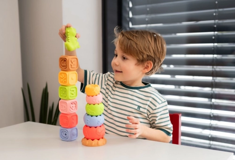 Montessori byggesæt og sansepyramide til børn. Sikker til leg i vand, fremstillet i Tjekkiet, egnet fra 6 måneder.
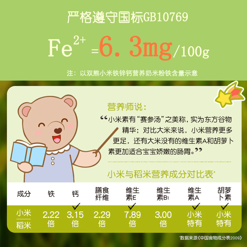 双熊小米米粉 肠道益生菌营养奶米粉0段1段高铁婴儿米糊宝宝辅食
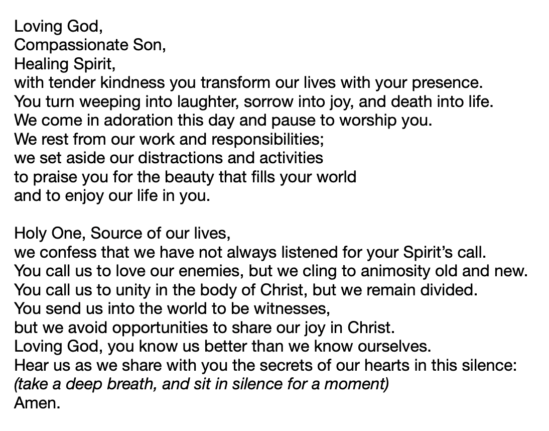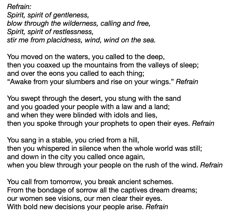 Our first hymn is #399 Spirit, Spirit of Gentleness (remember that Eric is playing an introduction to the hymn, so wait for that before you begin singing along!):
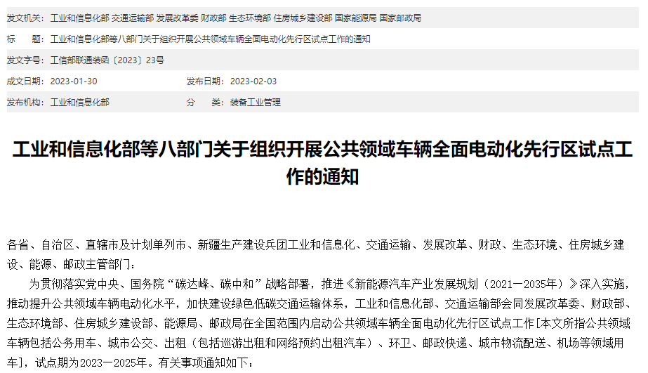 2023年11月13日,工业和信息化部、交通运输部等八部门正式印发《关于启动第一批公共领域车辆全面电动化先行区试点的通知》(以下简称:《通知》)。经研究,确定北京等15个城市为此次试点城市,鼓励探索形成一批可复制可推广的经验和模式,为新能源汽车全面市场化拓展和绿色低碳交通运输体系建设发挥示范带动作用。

- Prompt: From the line that contains "Our first hymn" to the last line of the data above, inclusive, transcribe every line exactly and only those lines, omitting pictures.

- Finished task:
 Our first hymn is #399 Spirit, Spirit of Gentleness (remember that Eric is playing an introduction to the hymn, so wait for that before you begin singing along!):
 2023年11月13日,工业和信息化部、交通运输部等八部门正式印发《关于启动第一批公共领域车辆全面电动化先行区试点的通知》(以下简称:《通知》)。经研究,确定北京等15个城市为此次试点城市,鼓励探索形成一批可复制可推广的经验和模式,为新能源汽车全面市场化拓展和绿色低碳交通运输体系建设发挥示范带动作用。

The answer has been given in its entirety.